Synthetic data, as the name suggests, is data that is artificially created rather than being generated by actual events. It is often created with the help of algorithms and is used for a wide range of activities, including as test data for new products and tools, for model validation, and in AI needs.
The questions that this post sets out to answer include:
Why is synthetic data important now?
Synthetic data is important because it can be generated to meet specific needs or conditions that are not available in existing (real) data. This can be useful in numerous cases such as
- when privacy requirements limit data availability or how it can be used
- Data is needed for testing a product to be released however such data either does not exist or is not available to the testers
Though synthetic data first started to be used in the ’90s, an abundance of computing power and storage space of 2010s brought more widespread use of synthetic data.
What are its applications?
Business functions that can benefit from synthetic data include:
- Marketing: Synthetic data allows marketing units to run detailed, individual-level simulations to improve their marketing spend. Such simulations would not be allowed without user consent due to GDPR however synthetic data, which follows the properties of real data, can be reliably used in simulation
- Machine learning: Self driving car simulations pioneered the use of synthetic data.
- Agile development and DevOps: When it comes time for software testing and quality assurance, artificially generated data is often the better choice as it eliminates the need to wait for ‘real’ data. Often referred to under this circumstance as ‘test data’. This can ultimately lead to decreased test time and increased flexibility and agility during development
- Clinical and scientific trials: Synthetic data can be used as a baseline for future studies and testing when no real data yet exists.
- Research: To help better understand the format of real data not yet recorded, develop an understanding of its specific statistical properties, tune parameters for related algorithms, or build preliminary models.
- Security: Synthetic data can be used to secure organizations’ online & offline properties. Two methods are commonly used:
- Training data for video surveillance: To take advantage of image recognition, organizations need to create and train neural network models but this has two limitations: Acquiring the volumes of data and manually tagging the objects. Synthetic data can help train models at lower cost compared to acquiring and annotating training data.
- Deep-fakes: Deep fakes can be used to test face recognition systems
Industries that can benefit from synthetic data:
- Automotive: Research to develop autonomous things such as robots, drones and self driving car simulations pioneered the use of synthetic data.
- Robotics: Real-life testing of robotic systems is expensive and slow. Synthetic data enables companies to test their robotics solutions in thousands of simulations, improving their robots and complementing expensive real-life testing.
- Manufacturing: As Leo Tolstoy states at the beginning of Anna Karenina: “All happy families are alike; each unhappy family is unhappy in its own way.” It is hard to test a system to see whether it identifies anomalies since there are infinitely many anomalies. Synthetic data enables more effective testing of quality control systems, improving their performance.

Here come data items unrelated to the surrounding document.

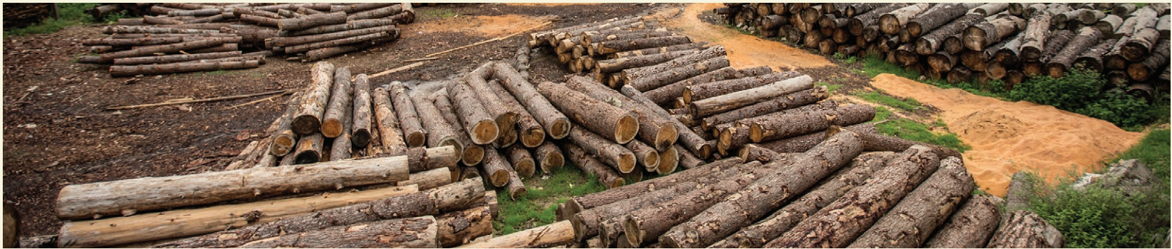
Opposite: Electricity switching station. Above: Logging is on the rise.

The Bhutanese government wants to address all these new threats and protect the conservation investment it has built up. It has goals to increase enforcement, provide training programs for rangers and local people, and develop job opportunities for people in rural areas. Of course, all this requires funding beyond what has previously been allotted for conservation.
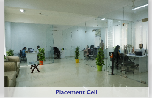
Lloyd Institute of Forensic Science Campus
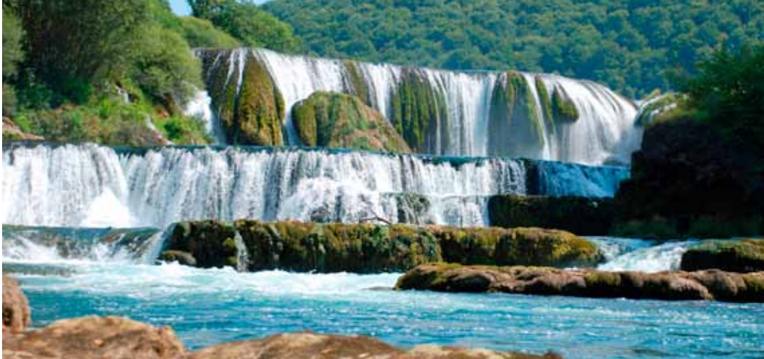
Una National Park, BiH
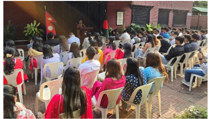
(Nepali students participating in the interaction programme at the Embassy)

The Ambassador encouraged the students to remain in close contact with the Embassy and requested them to report any incidents that may occur during their stay in Bangladesh. The students expressed their appreciation for the Embassy's efforts in coordinating with the concerned authorities of Bangladesh to ensure the safety and wellbeing of Nepali students.
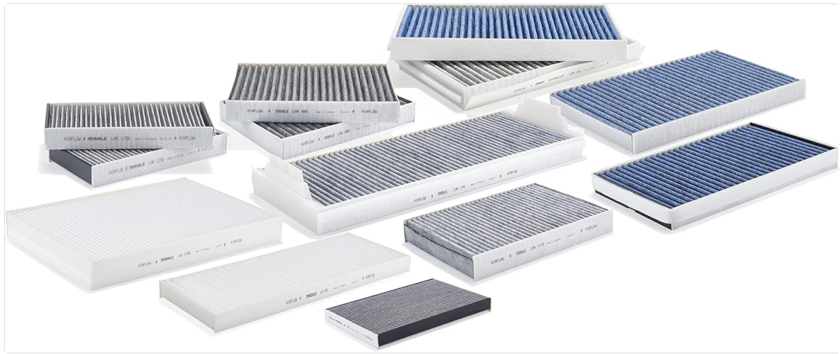
Image 2: A variety of MAHLE cabin air filters, showcasing different designs and sizes, including filters similar to the LA 1506.
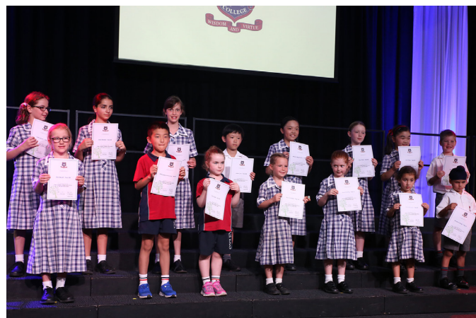
Prep-Year 6 Enviro Captains
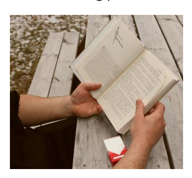
Smoking or taking a break
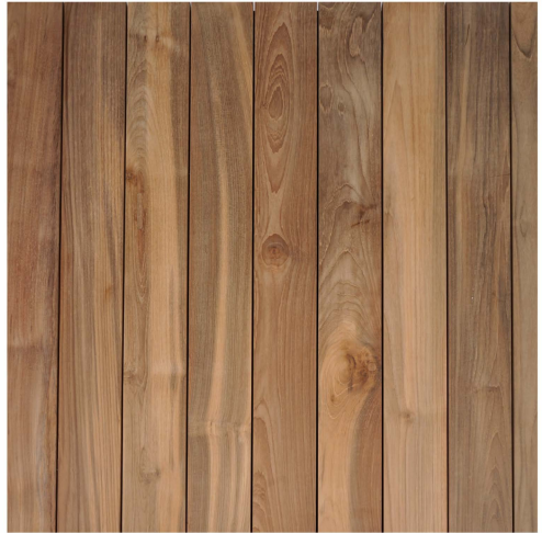
Style: Plank Deck Tile
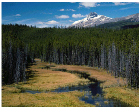
Above: Wetlands occur across the landscape.
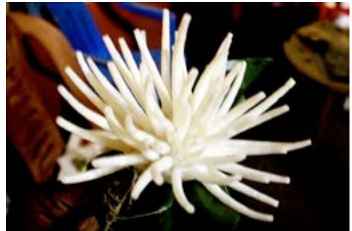
Seaweed is made out of shells.

- Financial services: Fraud protection is a major part of any financial service and with synthetic data, new fraud detection methods can be tested and evaluated for their effectiveness.

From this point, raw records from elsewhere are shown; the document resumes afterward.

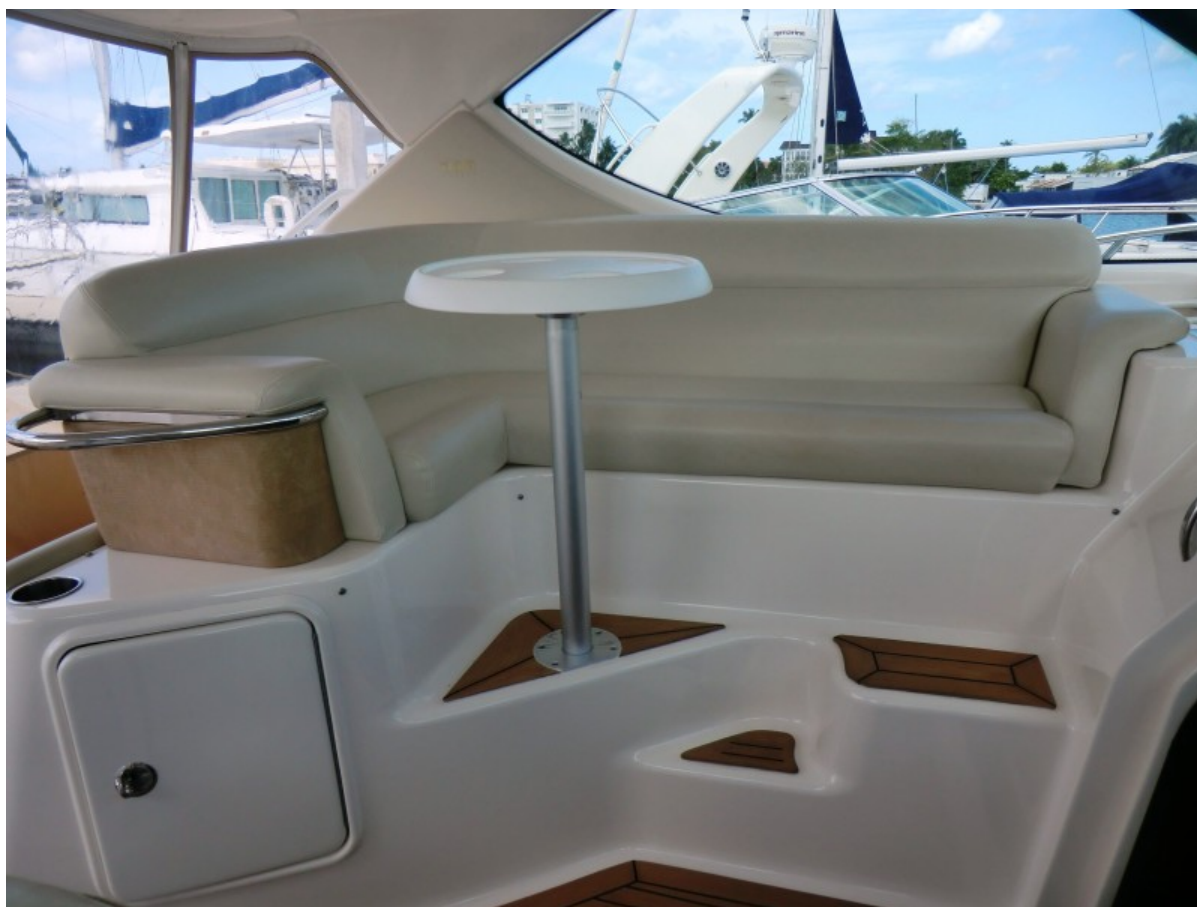
2008 3900 Tiara Sovran Upper Deck Companion Seating
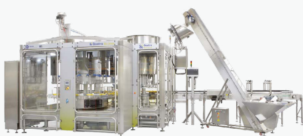
Hema Quatro Access Filler / Capper Monobloc
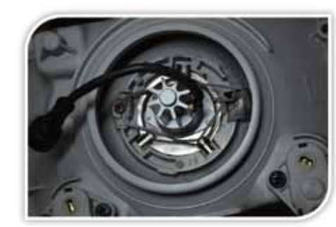
Align the snap ring to install the LED light and place the wire inside

- Healthcare: Synthetic data enables healthcare data professionals to allow the public use of record data while still maintaining patient confidentiality.
- Social Media: Facebook is using synthetic data to improve its various networking tools and to fight fake news, online harassment, and political propaganda from foreign governments by detecting bullying language on the platform.
Syynthetic data allows us to continue developing new and innovative products and solutions when the data necessary to do so otherwise wouldn’t be present or available.
Comparing synthetic and real data performance
Data is used in applications and the most direct measure of data quality is data’s effectiveness when in use. Machine learning is one of the most common use cases for data today. MIT scientists wanted to measure if machine learning models from synthetic data could perform as well as models built from real data. In a 2017 study, they split data scientists into two groups: one using synthetic data and another using real data. 70% of the time group using synthetic data was able to produce results on par with the group using real data.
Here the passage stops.